Answer
$-\dfrac{(x+3)(3x-1)}{(x^2+1)^2}$.
Work Step by Step
Use distributive property.
$\dfrac{(x^2+1)\cdot 3-(3x+4)\cdot 2x}{(x^2+1)^2}\\
=\dfrac{3x^2+ 3-6x^2-8x}{(x^2+1)^2}$
Simplify by combining like terms.
$=\dfrac{-3x^2-8x+3}{(x^2+1)^2}$
Factor the numerator.
Factor out $-1$:
$=\dfrac{-(3x^2+8x-3)}{(x^2+1)^2}$
$=-\dfrac{3x^2+8x-3}{(x^2+1)^2}$
With $a=3$ and $c=-3$, $ac=3(-3)=-9$.
Look for factors of $-9$ whose sum is equal to $b=8$.

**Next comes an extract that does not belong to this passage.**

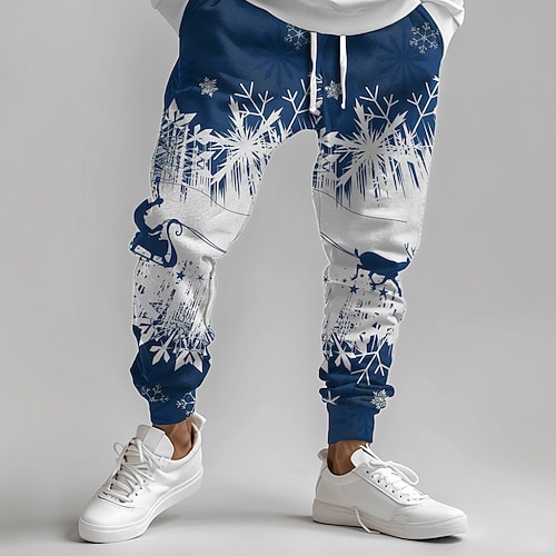 pantaloni da tuta stampati con scena natalizia da uomo babbo natale alce moda casual joggers pantaloni tasca vita media coulisse elastico in vita festa sera abbigliamento quotidiano primavera autunno

The factors are $9$ and $-1$.
Rewrite the middle term $8x$ as $9x-1x$ to obtain:
$=-\dfrac{3x^2+9x-1x-3}{(x^2+1)^2}$
$=-\dfrac{(3x^2+9x)+(-1x-3)}{(x^2+1)^2}$
Factor out the GCF (Greatest Common Factor) in each group to obtain:
$=-\dfrac{3x(x+3)-1(x+3)}{(x^2+1)^2}$
$=-\dfrac{(x+3)(3x-1)}{(x^2+1)^2}$
The numerator and denominator have no common factors.
Hence, the lowest term is $-\dfrac{(x+3)(3x-1)}{(x^2+1)^2}$.